We also agree with the general search for a balance between the celebration of new, creative, and democratic forces that are mobilizing the digital culture, and the skepticism about some trends that we do not see as democratic and that tend to extend and reshape current social divisions and inequalities. [When I use “democratic,” I am pointing to some discussions in contemporary political philosophy that show how evanescent this term might be, but that still hold to an impulse towards more justice and equality (for me, Jacques Rancière or Bill Connolly are good referents of this kind of view).]

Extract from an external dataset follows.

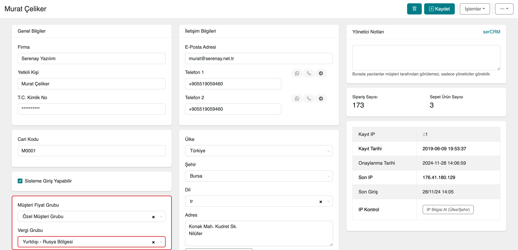 Vergi grubu değiştikten sonra müşteri detay sayfası şu şekilde güncellenir:

Finally, it is difficult for me to point to a difference, but I would say that we bring to our study different concerns that have to do with different “localities” and cultures, as I was saying in the last question. Lately, with the team at Flacso we’ve been reading more about changes in authorship, in the balance between the emotional and the rational in terms of learning, in our notions of a common culture, archive or memory (and memory is a cherished thing in Argentina, where it immediately refers to the last dictatorship and to a quest for human rights and justice), and also the need to maintain the differences between simulation and “real life” (I’ve been reading with great pleasure Sherry Turkle’s discussions on this). I would say they are more politically- and ethically-oriented issues. These topics are not directly addressed by the MacArthur papers, but there are none the less many links to their approaches.

As you do so, you seem to be very aware of the existing visual culture of schools. For example, you told me about research which suggests students are sometimes overwhelmed by films they see in the classroom and do not always remember what they were supposed to teach. How can designers of educational games sidestep those problems?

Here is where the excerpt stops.